*** Opening of Data below ***
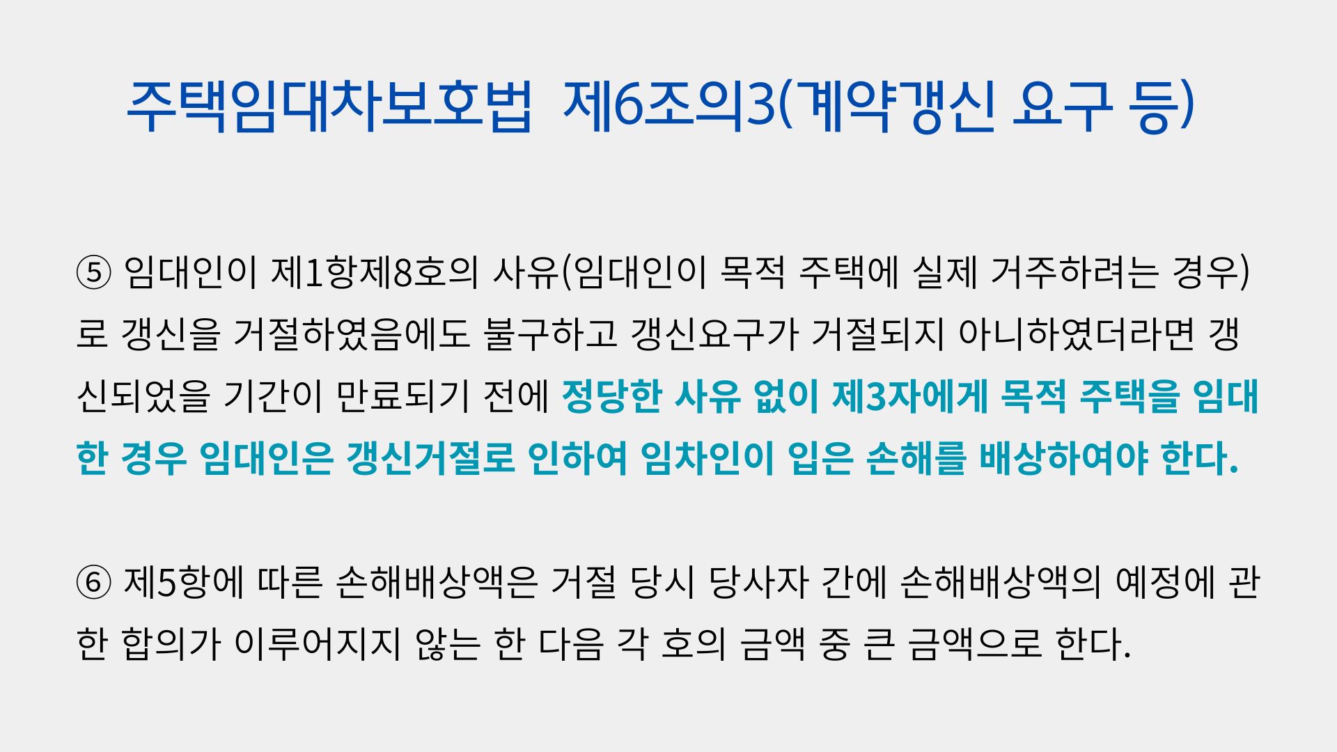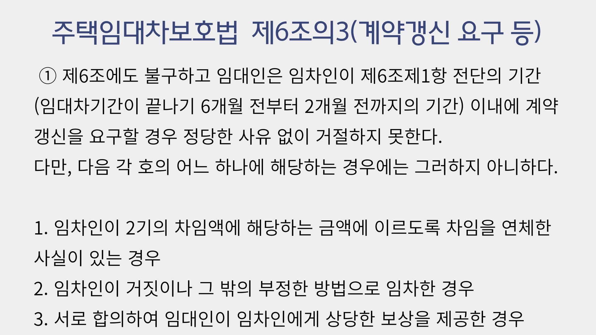 임차인이 차임을 제때 지불하지 않았다거나, 무단으로 임대차목적물을 타인에게 전대하였다는 등 임차인의 과실이 존재하지 않는 이상, 임대인은 임차인의 계약갱신 요구를 거절하기 어려운데요.
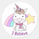 Adorable licorne assise avec arc-en-ciel et étoile, conçu pour les petits croyants.
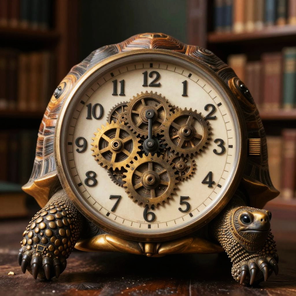 An imaginative hybrid of a tortoise and a watch face, featuring shell engraved with ticking gears, set against an ancient library.
*** Close of Data below ***
- [What is needed]
Your copy should hold exactly and only the lines from the one containing "Adorable licorne assise" through the end of the material, inclusive, repeated word for word and without pictures.

- [Task answer]
 Adorable licorne assise avec arc-en-ciel et étoile, conçu pour les petits croyants.
 An imaginative hybrid of a tortoise and a watch face, featuring shell engraved with ticking gears, set against an ancient library.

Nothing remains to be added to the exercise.